Insanity, though, doesn’t serve as a hinderance for deeply entrenched and powerful fossil fuel interests.
Oil shale, also known as kerogen, should not be confused with shale gas or shale oil, two fossil fuels best known from Josh Fox’s “Gasland.” As explained in a report by the Checks and Balances Project,
Oil shale itself is a misnomer. It is actually rock containing an organic substance called kerogen. The rocks haven’t been in the ground for enough time or under enough pressure to become oil. Oil companies need to recreate geological forces to produce any energy from it. Ideas for developing oil shale have included baking acres of land at 700 degrees for three to four years and even detonating an atomic bomb underground.
The really “insane” part of the equation: oil shale production, which has yet to begin, would be ecologically destructive to the extreme.
“Because oil shale is a rock, commercial production would release 25% to 75% more greenhouse gas emissions than conventional oil,” wrote the Western Resource Advocates. Furthermore, like tar sands production and shale oil/gas production, oil shale production is a water-intensive process.
Adding insult to injury, in the 100 years of attempted commercial production of oil shale, the fossil fuel industry has yet to seal the deal, motivating an April 2012 report by Checks and Balances titled “A Century of Failure.”
Greenwashing? Red Leaf’s “EcoShale” Oil Shale Extraction Process
For the past century the oil shale public relations line has resembled that of a “science fiction story.”
Red Leaf is the oil shale industry’s Schlumberger and Halliburton. That is, its business model is the equivalent of oil field services, or in this case, “oil shale services,” with its “EcoShale” equipment.
It claims “[EcoShale] technology requires no process water, protects groundwater and vegetation, uses low temperatures for heating and allows for rapid site reclamation.”
The proof will be in the pudding, for that claim remains to be seen in action.
The most likely scenario: naming a piece of technology “EcoShale” for a commercial production process that “would release 25% to 75% more greenhouse gas emissions than conventional oil” is textbook greenwashing.

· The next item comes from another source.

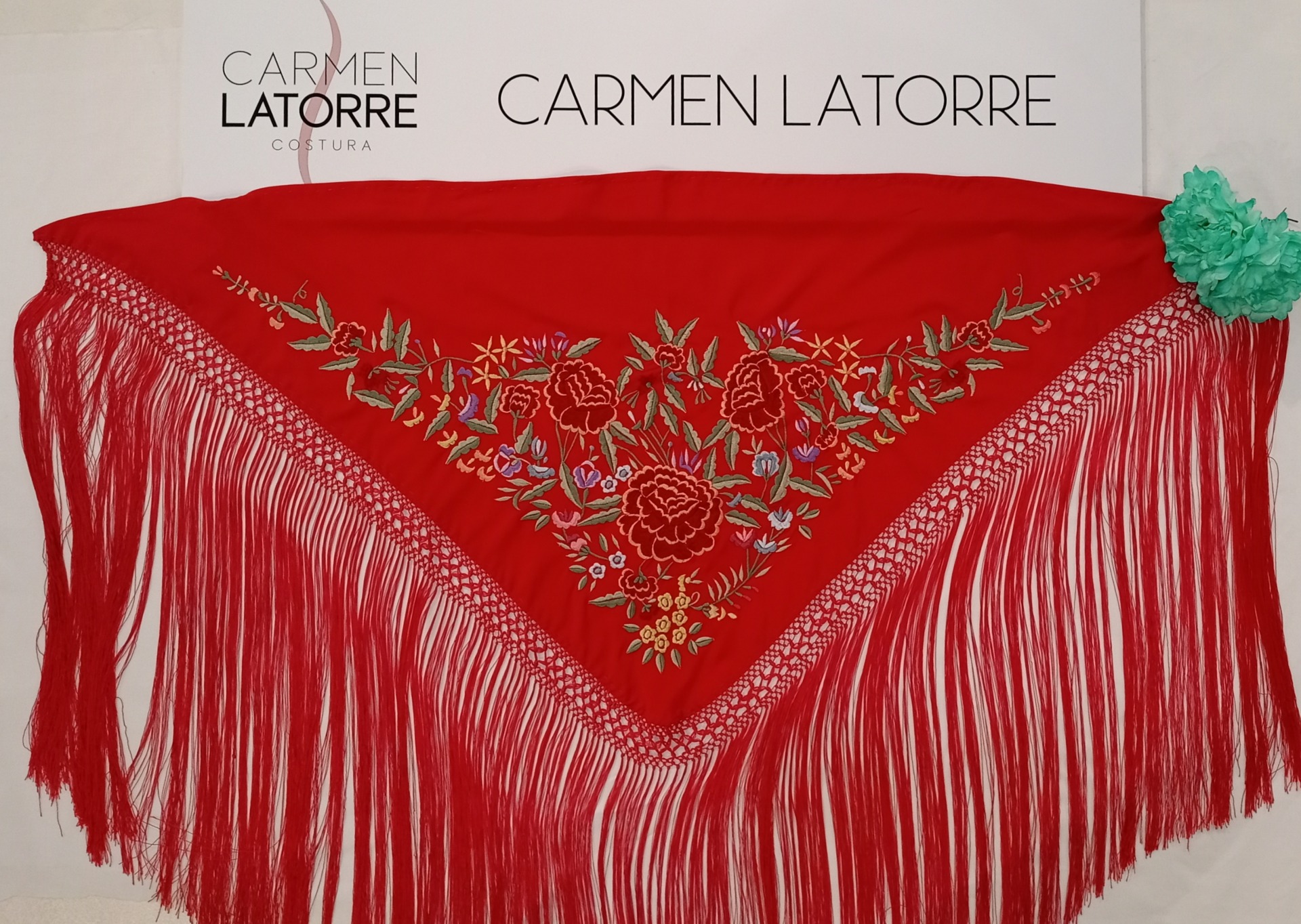 Mantoncillo de señora rojo, modelo Azo con bordados en tonos rojos y verdes.

Next Steps for Red Leaf’s “Eco Shale” Equipment Usage Include Road Block
Red Leaf Resources, explained the Utah Tribune, “is proposing to begin large-scale oil shale extraction on close to 1,500 acres in the Uintah Basin and ship the extracted oil to customers in Utah, Wyoming and in the Gulf Coast region.”
With over 17,000 acres worth of mineral rights in its name, “Red Leaf has said it will be ready to hit the production stage some time later this year, churning out an estimated 9,500 barrels a day,” wrote the Tribune.
“Total SA, Paris, will fund 80% of the cost of an early production system to demonstrate the commercial scalability of a proprietary process owned by Red Leaf Resources Inc.,” wrote the Oil and Gas Journal. The Journal continued,
As part of its agreement with Red Leaf, Total has the right to license Red Leaf’s patented EcoShale In-Capsule Process for use at other future oil shale projects worldwide and has become a shareholder of Red Leaf. Red Leaf reported completing a $100 million equity offering in connection with the closing of the JV with Total.
Its grandiose plans, though, hit a roadblock when, facing a legal challenge over its production permit from the environmental advocacy group Living Rivers, Red Leaf decided to back away from the legal challenge and suspend its plans until it conducts further scientific analyses.
It seems the future of oil shale is up for grabs and whether there is a faux-Green “EcoShale” future or an actual sustainable clean energy future in North America remains to be seen.
“Utter insanity” or not? That’s the real question on the table.